AMENDMENT NO. 5 TO CREDIT AGREEMENT

 

THIS AMENDMENT NO. 5 TO CREDIT AGREEMENT (this “Amendment”) is entered into as of September 12, 2025 by and between Claros Mortgage Trust, Inc., a Maryland corporation (the “Borrower”) and JPMorgan Chase Bank, N.A., in its capacity as administrative agent under the Credit Agreement referred to below (in such capacity, the “Administrative Agent”).

W I T N E S S E T H:

WHEREAS, the Borrower, the lenders from time to time party thereto (each, a “Lender” and collectively, the “Lenders”) and the Administrative Agent are parties to that certain Credit Agreement, dated as of August 9, 2019 (as the same has been amended, restated, amended and restated, supplemented or otherwise modified prior to the effectiveness of this Amendment, the “Existing Credit Agreement”; the Existing Credit Agreement, as amended by this Amendment and as further amended, restated, amended and restated, supplemented or otherwise modified from time to time, the “Credit Agreement”);

WHEREAS, in accordance with Section 1.04(a)(i) of the Existing Credit Agreement, the Borrower has requested an amendment to the Existing Credit Agreement to eliminate the effects of the Accounting Standards Codification 326 – Financial Instruments – Credit Losses (“ASC 326”) for purposes of the computation of the financial ratio set forth in Section 6.13(a)(iii) of the Existing Credit Agreement (the “Specified Provision”);

 

WHEREAS, pursuant to Section 1.04(a)(i), the Borrower and the Administrative Agent must negotiate in good faith to enter into any amendment of the relevant affected provisions of the Existing Credit Agreement requested by the Borrower in accordance with Section 1.04(a)(i) (without the payment of any amendment or similar fee to the Lenders) to preserve the original intent thereof in light of such change in GAAP or the application thereof;

 

NOW THEREFORE, in consideration of the mutual covenants and agreements set forth in the Credit Agreement and this Amendment, and other good and valuable consideration, the receipt and sufficiency of which are hereby acknowledged, the parties hereto hereby agree as follows:

 

1.
Defined Terms.
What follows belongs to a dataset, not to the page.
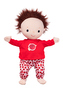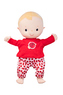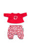 Pohodlné a módní červené pyžámko je určené pro panenky velikosti 36 cm. Na přední straně trička je aplikace ptáčka Robina. Pyžámko lze panenkám jednoduše obléknout a opět svléknout. Děti si tak rozvíjí jemnou motoriku a učí se o někoho starat.

Capitalized terms used but not defined herein shall have the meanings ascribed to them in the Existing Credit Agreement.
2.
Amendments to the Existing Credit Agreement. Subject to the conditions set forth in Section 3 below, the Existing Credit Agreement (excluding the Schedules, Exhibits and other attachments thereto as applicable) is hereby amended to:
(a)
amend and restate the definition of the “GAAP” in its entirety as follows:

GAAP” means generally accepted accounting principles in the U.S. in effect and applicable to the accounting period in respect of which reference to GAAP is made; provided that the effects of ASC 326 shall be disregarded for purposes of determining Tangible Net Worth as of any date.

(b)
add the following defined term to Section 1.01 in appropriate alphabetical order:

ASC 326” means Accounting Standards Codification 326 – Financial Instruments – Credit Losses.

 


 

3.
Effectiveness. This Amendment shall be effective when it has been executed by the Borrower and the Administrative Agent and when the Administrative Agent has received counterparts hereof which, when taken together, bear the signatures of each of the parties hereto, and thereafter shall be binding upon and inure to the benefit of the parties hereto and their respective successors and permitted assigns.
4.
Headings. The headings of this Amendment are for purposes of reference only and shall not limit or otherwise affect the meaning hereof.
5.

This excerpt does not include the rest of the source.